J.B. Spins

Jazz, film, and improvised culture.

Monday, May 05, 2014

Art at Film Forum: Llyn Foulkes One Man Band

Stylistically, Llyn Foulkes and Sol Lewitt might be quite dissimilar, but they both present challenges to exhibit. While Lewitt’s installations frequently come with highly detailed, labor-intensive instructions, Foulkes’ collage-paintings often have to be ripped out of the artist’s obsessive-compulsive hands. Viewers will watch Foulkes mount a comeback bid (or two) for the acclaim that has largely eluded him, while demonstrating much of the eccentricity that had held him back in Tamar Halpern & Chris Quilty’s Llyn Foulkes One Man Band (trailer here), which opens this Wednesday at Film Forum.

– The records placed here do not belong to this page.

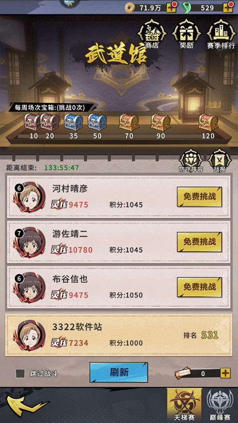 死神武道馆是玩家与玩家的对战系统,在挑战前,可以查看被挑战者的上阵英雄,从而调整自己的阵容。在挑战成功后自己将会自动提升排名。在武道馆排名前128的玩家将自动参与巅峰赛的比赛,领取独一无二的奖励。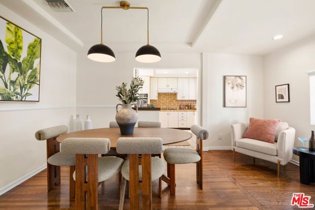 Beverlywood Adj classic Spanish home offering hardwood floors, charm, and a sweet private backyard with a mature lemon tree. This 2 BD | 1.5 BA residence showcases wood-beamed ceilings, arched walkways, and a character-filled living room with fireplace (fire is AI generated). A formal dining room sits just off the kitchen, creating an easy flow for everyday living and entertaining. One of the two spacious bedrooms includes a convenient half bath which is ideal for guests or perfectly suited as a private home office. The oversized main bathroom features a separate tub and shower with generous square footage, presenting an excellent opportunity for a custom renovation. A second rear entrance off the kitchen provides direct access to the driveway and detached garage with washer & dryer, adding everyday convenience. A rare opportunity to own a charming Spanish with room to personalize in a prime, central Westside location that's only a few blocks from Beverly Hills and within walking distance to Pico shops, restaurants, and houses of worship. Zone R3 (Multiple Dwelling Zone)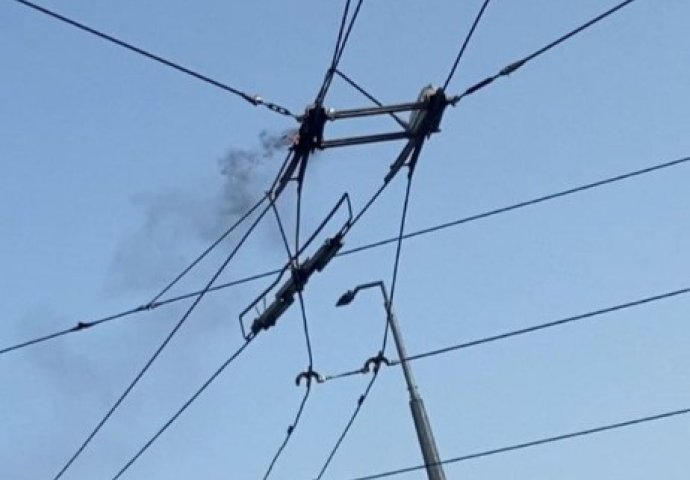Na kružnom toku u naselju Hrasno u Sarajevu, na izlazu prema Malti, zapalile su se trolejbuske žice.

As a young artist, Foulkes looked be well on his way, even though he never fit easily into an accepted movement or category. Unfortunately, a few blunt-spoken words got him thrown out of the prestigious Ferus Gallery, dramatically setting back his career. Indeed, Foulkes has often been his own worst enemy, as Halpern & Quilty thoroughly document. Preparing for two potentially game changing exhibitions, Foulkes commits to completing his seven-years-in-the-making painting-construct somewhat aptly titled The Lost Frontier. Later, he also agrees to take another stab at finishing the eighteen year-old The Awakening, featuring the second wife whom has long since divorced Foulkes.

Witnessing Foulkes’ Columbo-like approach to painting (“wait, just one more thing”) is a flat-out painful experience. Fortunately, it is considerably more enjoyable to watch him play “The Machine,” a drum kit augmented with marimbas and bicycle horns. Foulkes can in fact get quite a tune out of it, but there is still a high degree of performance art to his musical performances. Foulkes nearly hit the big time with The Machine as well, but ever so shockingly, he managed to sabotage his golden Tonight Show opportunity. Regardless, it is still cool to hear him jam on it.

To their credit, Halpern & Quilty committed years to One Man Band, capturing some of Foulkes’ most self-destructive moments along with the musical mischief. It is clear they have developed a mutual trust, but they never ignore his career-hampering excesses. Wisely, they are not overly concerned with Foulkes’ political art, aside from his near pathological obsession with Disney, manifesting in some rather gruesome depictions of poor Mickey Mouse.

There are a whole lot of cautionary lessons to be gleaned from One Man Band. At his best, Foulkes is also a rather interesting fellow to spend time with. At his worst, he represents the artistic temperament at its most dysfunctional. It is certainly a balanced portrait, more messily engaging than the Sol Lewitt documentary that Film Forum has programmed with it as a separate-admission double feature. Recommended for fans of Foulkes and/or The Machine, Llyn Foulkes One Man Band opens this Wednesday (5/7) in New York.